Plumptre CD, Ogunniyi AD, Paton JC - PLoS ONE (2013)

Bottom Line: In this study, we purified recombinant truncated derivatives of PhtD and examined their secondary structural composition, as well as their capacity to bind antibodies from polyclonal murine serum generated against the full length protein.This allowed the identification of a particularly immunogenic fragment of PhtD, which was also purified and characterised.These experiments revealed that whilst the immunogenic region identified may be a promising candidate to protect against sepsis, the full length PhtD was ineffective at conferring significant protective immunity.

View Article: PubMed Central - PubMed

Affiliation: Research Centre for Infectious Diseases, School of Molecular and Biomedical Science, University of Adelaide, Adelaide, South Australia, Australia.

ABSTRACT
Polyhistidine triad protein D (PhtD) has been described as a promising vaccine candidate for use against Streptococcus pneumoniae, but there has been a lack of examination of its structure and of which region(s) of the protein are targeted by protective immune responses. In this study, we purified recombinant truncated derivatives of PhtD and examined their secondary structural composition, as well as their capacity to bind antibodies from polyclonal murine serum generated against the full length protein.
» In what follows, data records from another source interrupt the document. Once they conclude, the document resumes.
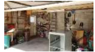
Pic. 4: Garage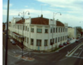
HV MCKAY OFFICES SOHE 2008 H01966 1 hv mckay offices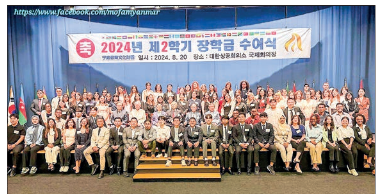
This photo shows attendees at the Woojung Education and Culture Foundation Scholarship Award.

The ambassador urged the students, along with their parents and family members, to remain committed, emphasizing that the scholarships reflect the dedication and hard work of the students. He also expressed appreciation to the Woojung Foundation for increasing the number of scholarships from 83 to 99 in this second semester, following his request made during the first-semester Scholarship Award Ceremony in February of this year. — ASH/TMT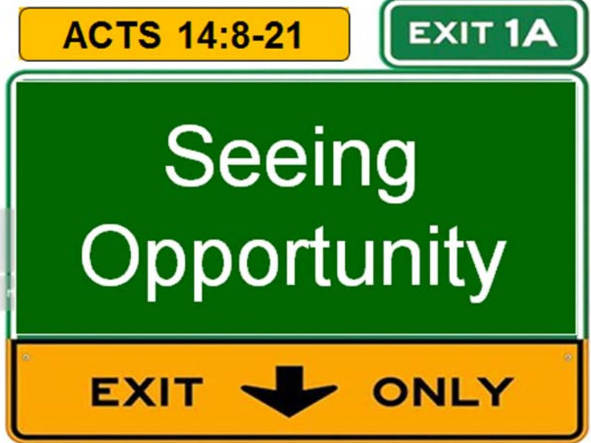
Today's theme for scripture and sermon

145 W. Church Ave. Covington, TN 38019 Office - 476-9694 www.covingtonfumc.com

This allowed the identification of a particularly immunogenic fragment of PhtD, which was also purified and characterised. The truncated derivatives were tested as vaccine antigens in mouse models of pneumococcal sepsis and colonisation, using alum and E. coli heat labile toxin B subunit respectively as adjuvants. These experiments revealed that whilst the immunogenic region identified may be a promising candidate to protect against sepsis, the full length PhtD was ineffective at conferring significant protective immunity. These results are significant for the potential for PhtD to be used in novel vaccines, which are currently being tested in clinical trials.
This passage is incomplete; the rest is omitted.